I have the following pandas dataframe.
epi_week state loc_type disease cases incidence
21835 200011 WY STATE MUMPS 2 0.40
21836 197501 WY STATE POLIO 3 0.76
21837 199607 WY STATE HEPATITIS 3 0.61
21838 197116 WY STATE MUMPS 6 1.73
21839 200048 WY STATE HEPATITIS 6 1.21
I am trying to replace each disease
by a unique integer. For example 'MUMPS'==1
, 'POLIO'==2
etc.
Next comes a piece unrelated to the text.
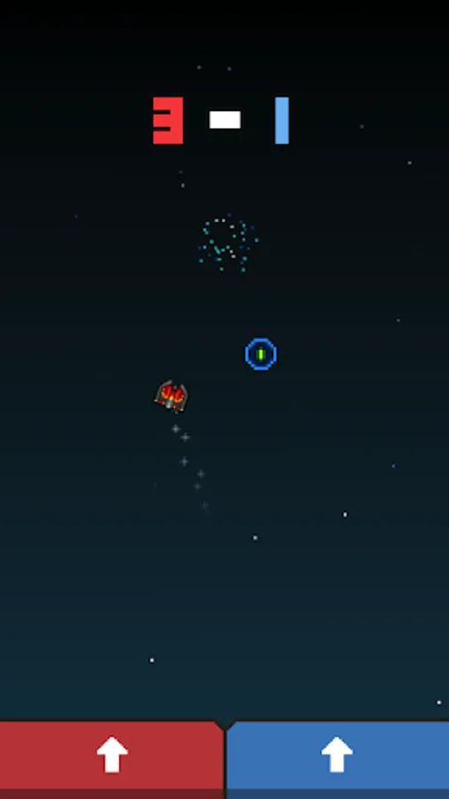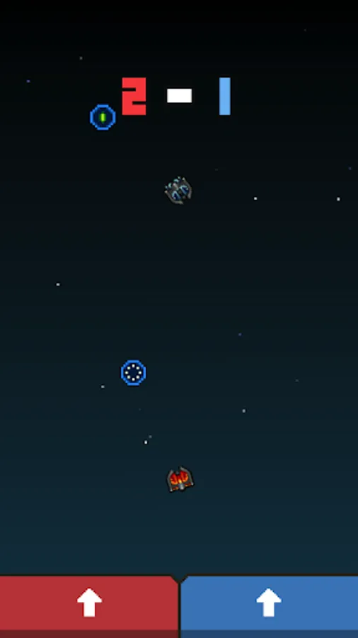 - Hit the power-ups to shoot. Make your opponent's spaceship explode to score 1 point.
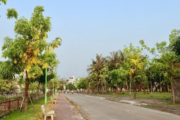 Cung đường từ kênh nước nóng Nhà máy điện vòng qua Biểu tượng thành phố rực vàng sắc muồng Hoàng Yến. Nơi đây trồng tập trung hơn 60 cây muồng Hoàng Yến.

The final dataframe should look like follows:
epi_week state loc_type disease cases incidence
21835 200011 WY STATE 1 2 0.40
21836 197501 WY STATE 2 3 0.76
21837 199607 WY STATE 3 3 0.61
21838 197116 WY STATE 1 6 1.73
21839 200048 WY STATE 3 6 1.21
I am using the following code:
# creating a dictionary
disease_dic = {'MUMPS':1, 'POLIO':2, 'MEASLES':3, 'RUBELLA':4,
'PERTUSSIS':5, 'HEPATITIS A':6, 'SMALLPOX':7,
'DIPHTHERIA':8}
data.disease = [disease_dic[item] for item in data.disease]
I am getting following errors:
KeyErrorTraceback (most recent call last)
<ipython-input-115-52394901c90d> in <module>()
----> 1 cdc.disease = [disease_dic[item2] for item2 in cdc.disease]
KeyError: 1
Can anyone please help about this issue? Thank you.